2024-05-06 Malaysian Ringgit News
2024-05-05
Summary of Last Week
- Opening:
- Closing:
- Difference of Opening & Closing:
- Daily High:
- Daily Low:
- Difference of Daily High & Low:
Statistical Measures
- Mean:
- Standard Deviation:
Trend
Understanding the Overall Trend
At a first glance at the data, it is a typical time series data for financial rates which are the exchange rates of MYR at various timestamps. The data generally seems fluctuating throughout the period. The highest rate recorded in the dataset is approximately 0.289 which occurred on 2024-04-30 16:00:03. The lowest rate is approximately 0.28554 which happened on 2024-04-09 4:00:02. However, to understand the overall trend, more rigorous statistical analysis methods like regression models or time series decomposition can be utilized, where it could indicate whether the trend is increasing or decreasing over time. But based on just the given dataset, absolute statements about the trend cannot be made.

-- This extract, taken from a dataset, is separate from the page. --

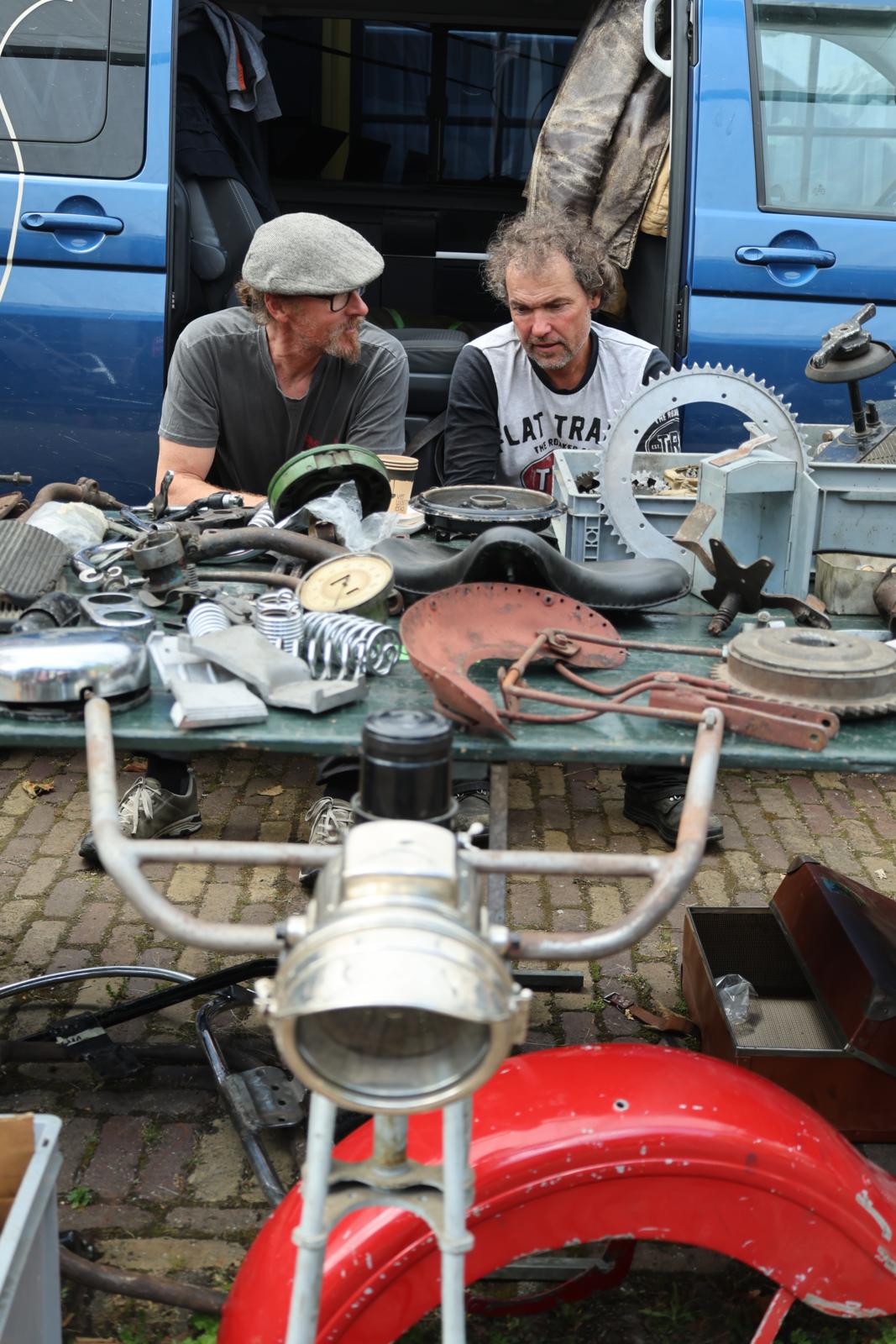 Mensen uit heel Europa en zelfs de VS en Australië bezochten de AMCA Meeting en genoten van de gezamenlijke passie voor oude motoren. Van 100% origineel tot wilde customs. Mooi voorbeeld van dat laatste was de zijklepper H-D trike, gebouwd in Californische chopperstijl, die tussen de meestal compleet originele motoren stond en daardoor extra opviel. Hoewel de prijzen voor vintage motoren nog steeds met de dag lijken te stijgen, werden er op donderdag al volop motoren gekocht en verkocht, net als veel onderdelen, want ook daar was een enorm aanbod van. De vele (internationale) handelaren hadden een enorm assortiment aan nieuwe en gebruikte onderdelen te koop; van complete motorblokken tot verroeste frames, van bougies tot zijspanbakken.

Identification of Seasonality
From the data provided, it isn’t immediately clear if there is a seasonal or cyclical pattern present. In time series data, seasonality refers to regular and predictable changes that recur every calendar year, like specific hours in a day or specific days in a week. Detecting such patterns would typically require more detailed granular data on a longer duration. With the data given, it is difficult to confirm the presence of seasonality. More sophisticated time series analysis techniques such as decomposing the data into its trend, seasonal, and residual components could better answer this question. At the moment, the exchange rates seem to have some form of random fluctuation.
Outliers Identification
Outliers in the data are unusual observations that lie far away from the majority of observations. They could be due to variability in the measurement or may indicate experimental errors. Without applying specific statistical methods to detect outliers (like the Z-score, the IQR method, etc.), from the observation of the given dataset, there doesn't seem to be an obvious presence of outliers. The rates appear to stay within a certain range and do not show drastic spikes or drops. Further statistical analysis would be needed to accurately detect and manage outliers.